Adam Neumann, Kimberly Bryant and the importance of nuance – businesskinda.com

It’s been a week of people trying to understand what is happening in technology. If you’ve been compartmentalizing: Cheers! Now let me explain to you what’s going on.

On Monday, WeWork founder Adam Neumann raised a seed round from Andreessen Horowitz for a new real estate company reportedly valued at more than $1 billion. Neumann’s return, coinciding with the largest check ever written by one of the most famous firms, was met with a flurry of reactions, given his tumultuous leadership at WeWork.

A few days earlier, Kimberly Bryant was fired from Black Girls Code, the nonprofit she founded, by the board she had appointed.

You’ve been caught up: We had a return and an expulsion event within a few days.

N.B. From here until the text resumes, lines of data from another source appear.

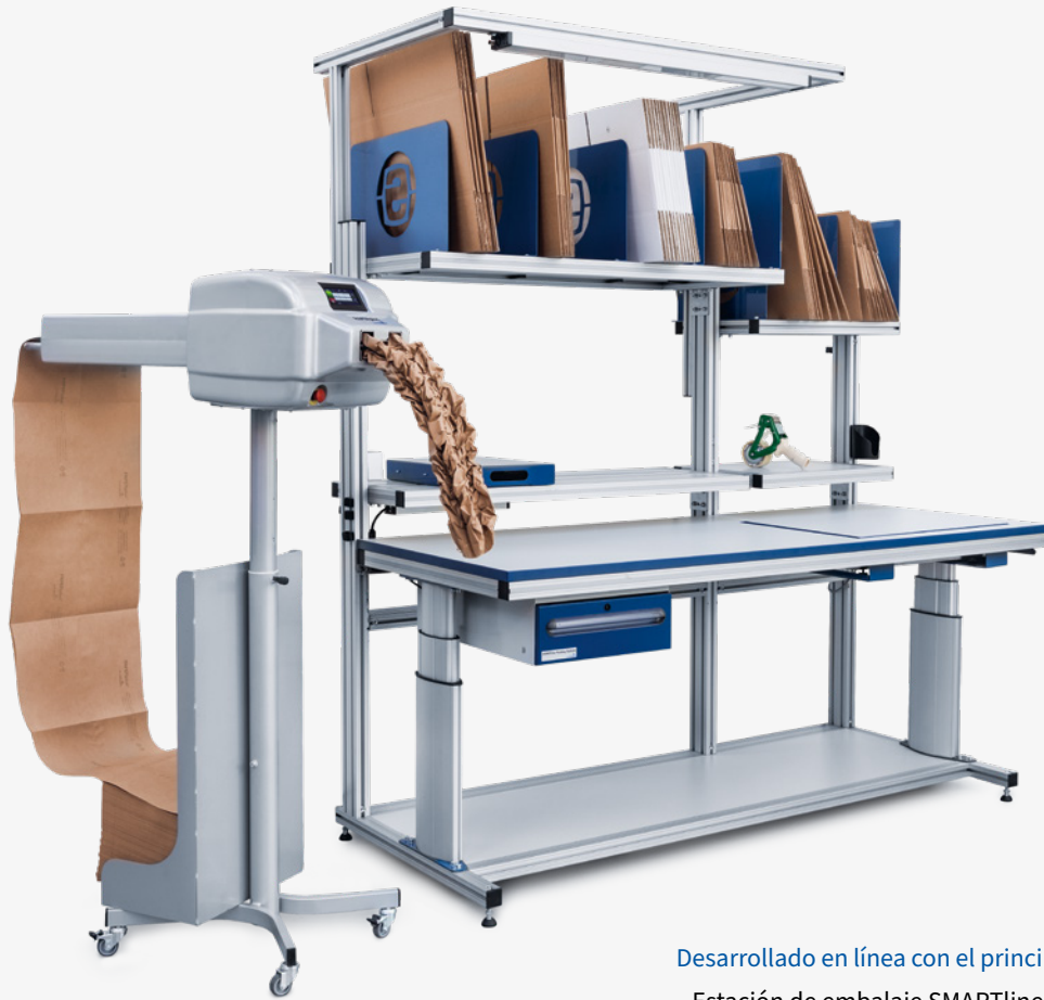
Desarrollado en línea con el principio Working Comfort®: Estación de embalaje SMARTline con PAPERplus® Track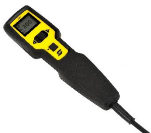
ER 1, commande à distance multifonction avec écran intégré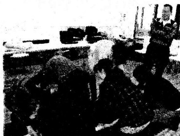
担架の作成と搬送訓練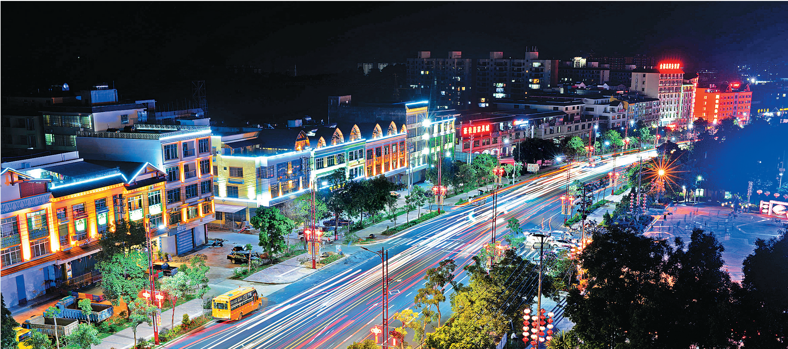
梦幻般的琼中夜景。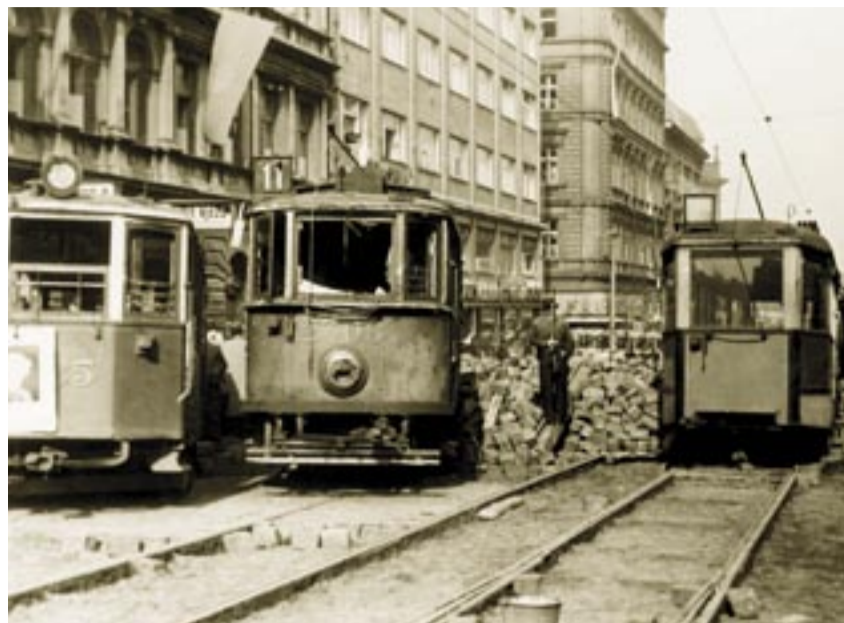
TRAMVAJE V BARIKÁDÁCH. Pražané použili na stavbu více než 1600 barikád vše, co bylo po ruce. Někde posloužily i vozy tramvají.

Přestože německý policejní prezident zakázal shromažďování na ulicích, už během dopoledne začali lidé odstraňovat německé nápisy a vyvěšovat československé vlajky. Motorem povstání se stal rozhlas. Od šesti ráno hlásil už pouze češsky. Okupační síly se k němu vrhly, aby jej umlčely. Češi v rádiu začali volat o pomoc. O budovu se strhla nerovná bitva. Padlo při ní na 90 bojovníků a stovka jich byla zraněna. V 18 hodin se německá posádka vzdala. Němci byli odhodláni bránit českou kotlinu proti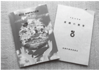
第5次総合計画中間期に 東郷の教育プランを確認

【問】 個人情報であるが、 保管や運用の留意点は。 【福祉部長】 母子手帳や障 がい者手帳と同様、大切 に保管して頂きたい。 【問】 特別支援コーディネ ーター制度採用状況は。 【教育部長】 採用は教育主 任あるいは校務主任が兼 務する場合が多い。児童 生徒への適切な支援のた めに関係機関等と運営調 整し、共同的に対応する よう指名している。 【問】 放課後や長期休暇中 デイサービスの現況は。 【福祉部長】 利用日数は増 加傾向にあり受入れ体制 の拡充が必要。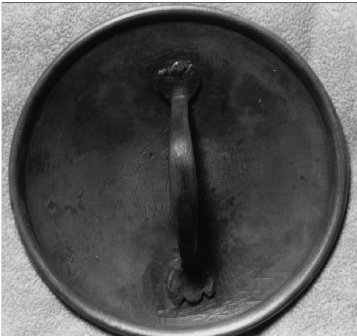
Fig. 5. Specchio d'argento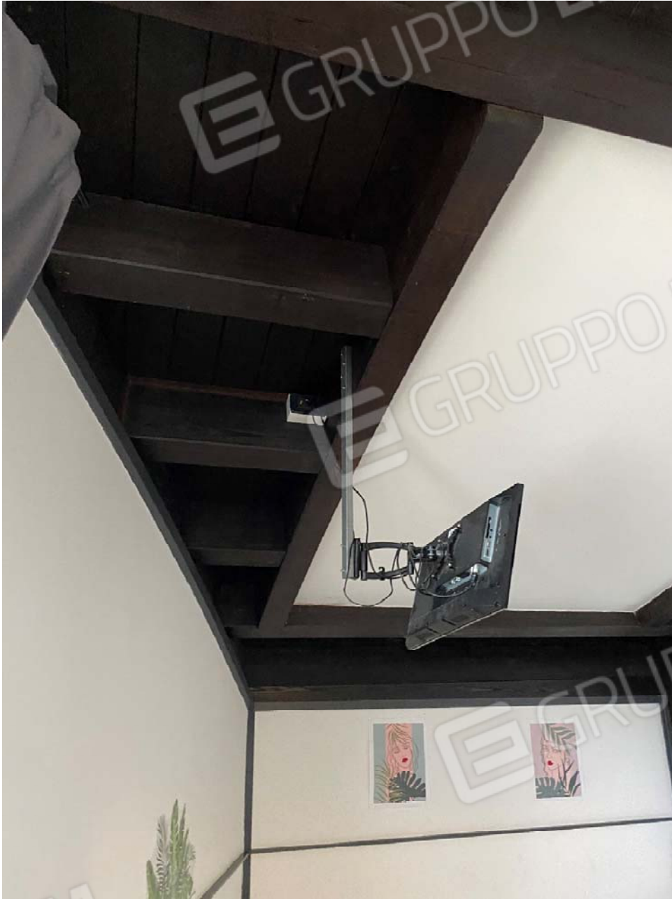
Piano secondo - Fg. 17, mapp 923, sub.47 – particolare del lucernario in corrispondenza della terrazza autorizzata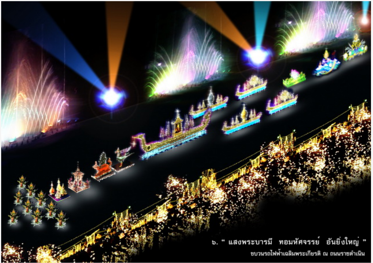
๖. “ แสงพระบารมี ทอมหัตถจารย์ อันยิ่งใหญ่ ” ขบวนการไฟฟ้าเฉลิมพระเกียรติ ณ ถนนราชดำเนิน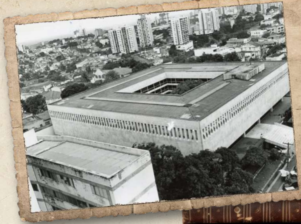
Biblioteca Pública da Bahia, em seu prédio atual

oligarquias provincianas durante os primeiros anos da República Velha fizeram com que o Marechal Hermes da Fonseca, então Presidente da República, desse a ordem de bombardear a cidade por quatro horas e com isso a biblioteca perdeu 99% do seu acervo, ficando com apenas 300 livros. Com o passar dos anos a biblioteca se recuperou, cresceu em acervo e passou por várias sedes, até ser reinaugurada, em 1970, no prédio atual dos Barris (Pontes, 2006; Milanesi, 1989, p. 71; Oliveira, 1994).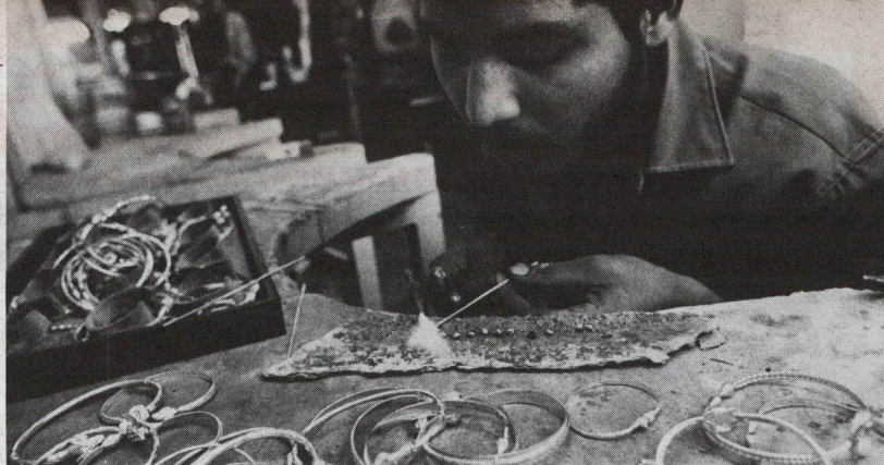
Las hábiles manos de estas operarias de una fábrica de cigarros de Kingston, elaboran un producto que cuenta con amplio mercado en el Caribe, México, Estados Unidos, Canadá y Europa. Ar., un orfebre soldando las partes de una delicada pulsera de plata, que adquirirán los turistas que visitan Jamaica. Los préstamos del BID ayudan a Jamaica a ganar divisas extranjeras.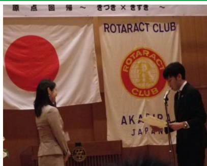
卒業証書授与のようす②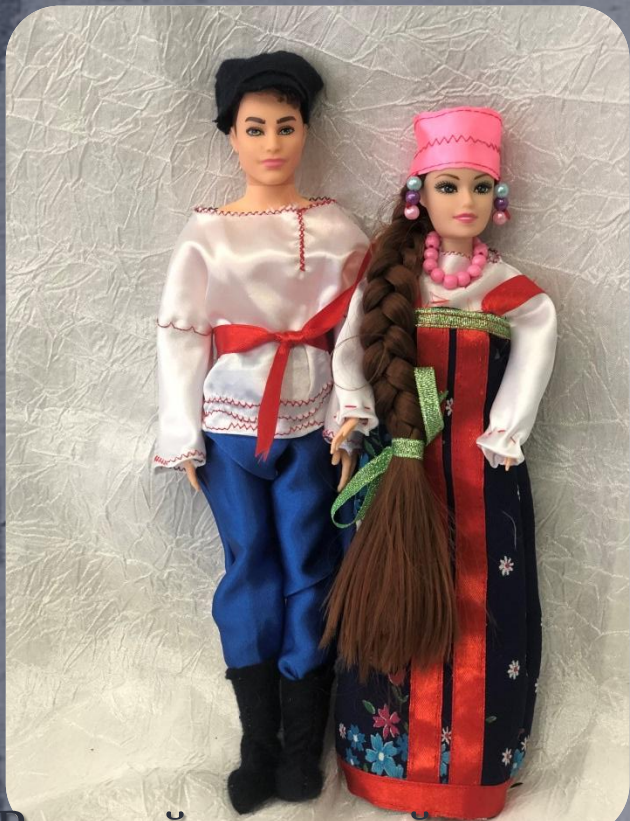
Русский северный костюм

A common response was that women and people of color would never get the same “second chance” as Neumann, because first chances are hard enough for the historically overlooked cohort. Allison Byers, the founder of Scroobious, a platform that aims to diversify startups and make founders more daring, described the feeling as “a muffled rage”.

The returns came from the white man who misled investors and employees. The expelled was a black woman who started a non-profit organization to bring more diversity into the coding world.

If that’s where the analysis stops, that’s a disservice. as my colleague Dominic Madori Davis say it: “people talk about these things without the nuance of two things at once, but that’s the same with most online fights. They turn things and people into one-dimensional objects as if it were easy to parse.” If you’re not careful, you could scroll into an opinion that lacks the multifaceted nature of controversies.